Asırlardan bu yana yazları dağların doruklarında, kışları ise mevsim şartlarının daha yumuşak olduğu yerlerde konaklayan göçerler, erkek çocuklarını eğitime başlayan okullara bir ay sonra gönderecek. Göçerlerin kız çocuklarının bir çoğu ise okula gönderilmiyor. Bitlis'in Güroymak, Hizan ve Mutki ilçeleri yakınlarında hayvanlarını otlatmak için Batman, Mardin, Diyarbakır ve Siirt'ten gelen göçerler, bir ay sonra köylerine dönecek. Aileleriyle beraber gelmek zorunda kalan öğrenci çocukların sıkıntısı, zor yaşam koşulları yanında yaşıtları gibi tatil yapamamış olmak. Göçer çocuklarının bir diğer büyük derdi de okullarına akranlarından bir ay geç başlamak.
Siirt'te okuyan ilköğretim 6. sınıf öğrencisi Ahmet Yaman, 13 yaşında olduğunu, her sene ailesiyle yaylaya çıktığını ve 6 yıllık öğrencilik hayatı boyunca okula zamanında hiç başlayamadığını söyledi. Okula geç başlama sıkıntısını yaşayan sadece Ahmet değil, ilkokul 7'nci sınıf öğrencisi Halil Cumali de akranları gibi okuluna zamanında gitmek istiyor.
"AİLEMİZE DESTEK OLUYORUZ"
Çadırda kalan çocuklardan 16 yaşındaki Pınar Yaman, yeni eğitim yılı başlamasına rağmen, bir ay sonra okula gidebileceğini belirterek, okullar tatil olmadan bir ay önce de yaylaya geldiklerini söyledi. Yatılı ilköğretim bölge okulunda kalarak ya da taşımalı olarak okula gittiklerini anlatan Yaman, ''Beş kardeş okula gidiyoruz. Ailemiz köyde yaşıyor. Biz de yazın yaylaya erken gelip, ailemize destek oluyoruz. Yaylada çadırlarda kalıyoruz. Koyunları otlatıyoruz, süt sağıyoruz. Yaylada su uzak. Her gün eşeklerle su taşıyoruz.'' dedi.

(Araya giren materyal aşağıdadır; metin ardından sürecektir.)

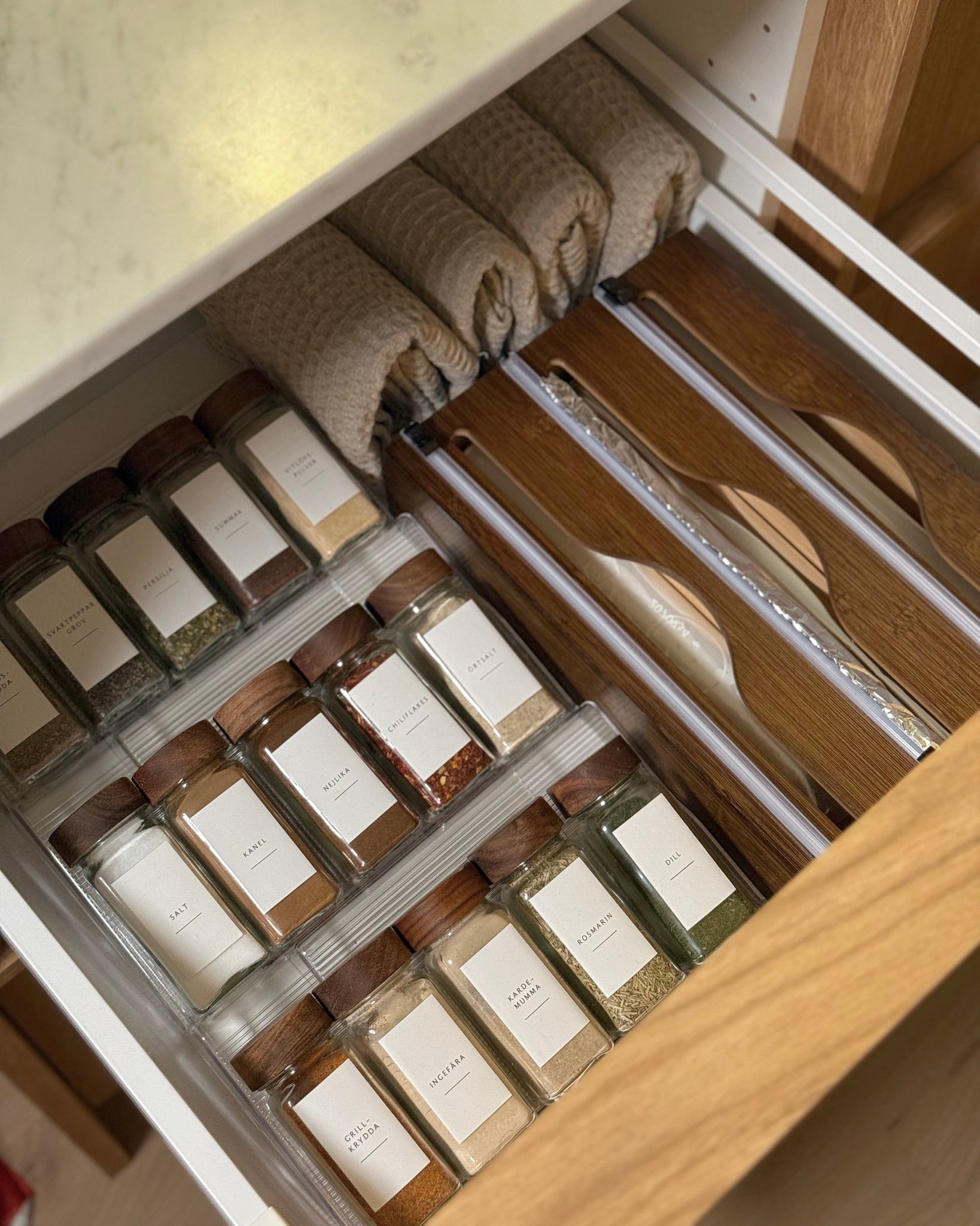 Upptäck vår Köksstation i valnötsfinish, en perfekt lösning för att hålla ditt kök organiserat och stilrent. Denna allsidiga station inkluderar ett praktiskt kryddställ med matchande burkar, en behållare för folie och bakplåtspapper samt ett set med etiketter för tydlig märkning. Den eleganta valnötsfinishen ger en varm och naturlig känsla som passar perfekt i det moderna skandinaviska hemmet.
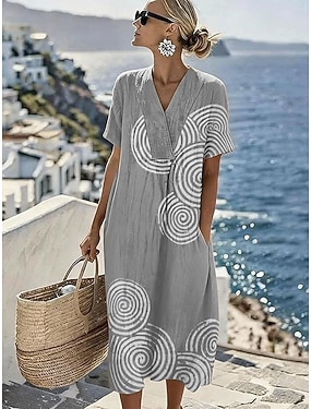 Damen Midikleid Sommerkleid A Linie Kleid Urlaub Lässig Strand Strand Party Lässiger Schnitt Grafik Geometrisch Kurzarm V Ausschnitt Blau Purpur Grün Khaki Sommer Frühling product tag

Ali Çiftçi ise ailesi hayvancılıkla uğraştığı için zor şartlarda okula gittiklerini belirterek, ''Okuldan bir ay önce ayrılıyoruz, bir ay da geç gidiyoruz. Yazılı sınavlara fazla çalışamıyoruz. Geç gittiğimiz zaman derslerde sıkıntı yaşıyoruz. Okula geç gitmemiz sorun oluyor.'' diye konuştu.
Göçerlerin, erkek çocukları geç de olsa okula gidip eğitimlerini sürdürürken, kızlar ise gönderilmeyebiliyor. Göçebe hayatın getirdiği zorluklar nedeniyle kız çocuklarının birçoğu okula gönderilmiyor. Süt sağımı, çadırların temizlik ve bulaşık gibi ihtiyaçlarını kızlar karşılıyor. Ev işleri bittikten sonra dağda hayvanları otlatan çobanlara hazırladıkları yemekleri götürme görevi de kızların. Batman'dan gelen ve yaylalara çıkan ailelerin birçoğunun kız çocuklarını okula göndermediklerini belirten 3 çocuk annesi Neslihan Çınar, hiç okula gitmediğini, annesi ve 6 kız kardeşi gibi okul sırasını sadece uzaktan görebildiğini ifade etti.
Kız çocuklarının okula gönderilmemesinin bir alışkanlık haline geldiğini aktaran Çınar, mevsim şartları ve aşirette iş bölümündeki rolleri yüzünden kızlarını okutamadıklarını anlattı. 40 yıldır göçerlik yaptığını belirten 70 yaşındaki Perihan Çiftçi ise "Bizim burada sadece erkek çocuklar okuyabilir. Benim hiç okuma yazmam yok. Sadece çadırlarda çalışır, sonra evlendirilirler." şeklinde konuştu.